Jennifer M. Wood and Mental Floss present 14 Flesh-Eating Facts About Cabin Fever.  Here are three of my favorites…

6. THE SAME STUDIOS THAT PASSED ON PRODUCING THE FILM ENGAGED IN A BIDDING WAR FOR THE FINISHED PRODUCT.
Though Roth’s original plan for the film was to sell the script and have a studio produce it, no one was interested in buying it (hence the aforementioned eight-year process of getting it made). But a successful showing at the 2002 Toronto International Film Festival changed all that: the film sparked a bidding war, with Lionsgate ultimately emerging victorious. Roth was paid $3.5 million for the film, and promised $12 million in prints and advertising. Of the many studios competing to acquire Cabin Fever, most had already passed on producing it.

8. PETER JACKSON WAS A FAN.
After hearing about Cabin Fever from several of his The Lord of the Rings collaborators, Peter Jackson requested that a print be sent to him in New Zealand, where he was filming The Return of the King.
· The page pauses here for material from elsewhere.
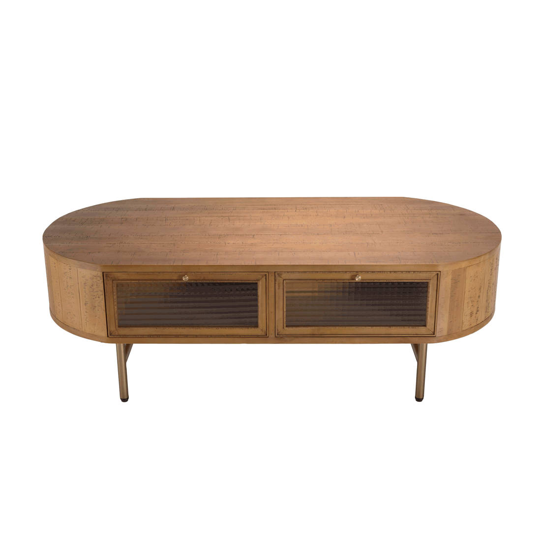 Table basse ovale couleur naturelle bois Peuplier 4 tiroirs vitrés. Dimensions : 140 x 70 x 44 cm. Article en Peuplier/Acier/Verre/Contre plaqué (arrière).

Impressed by what he was seeing, Jackson shut down production on his own film—twice!—to screen Cabin Fever for his cast and crew. Eventually, Jackson invited Roth to The Lord of the Rings set, where he offered to supply Roth with a quote about the film for his production materials. It read: “Brilliant! Fantastic! Horror fans have been waiting years for a movie like Cabin Fever. I loved it!”

9. QUENTIN TARANTINO DECLARED ROTH “THE FUTURE OF HORROR.”
In a 2004 interview with Premiere, Quentin Tarantino talked at length about his admiration for Cabin Fever, and called Roth “the future of horror.” The admiration was mutual. Tarantino and Roth would go on to become good friends and regular collaborators. In addition to directing Thanksgiving, one of the fake trailers in the middle of Tarantino and Robert Rodriguez’s Grindhouse, and playing Dov in the film, Roth had a major role as Sergeant Donny Donowitz in Tarantino’s Inglourious Basterds (2009).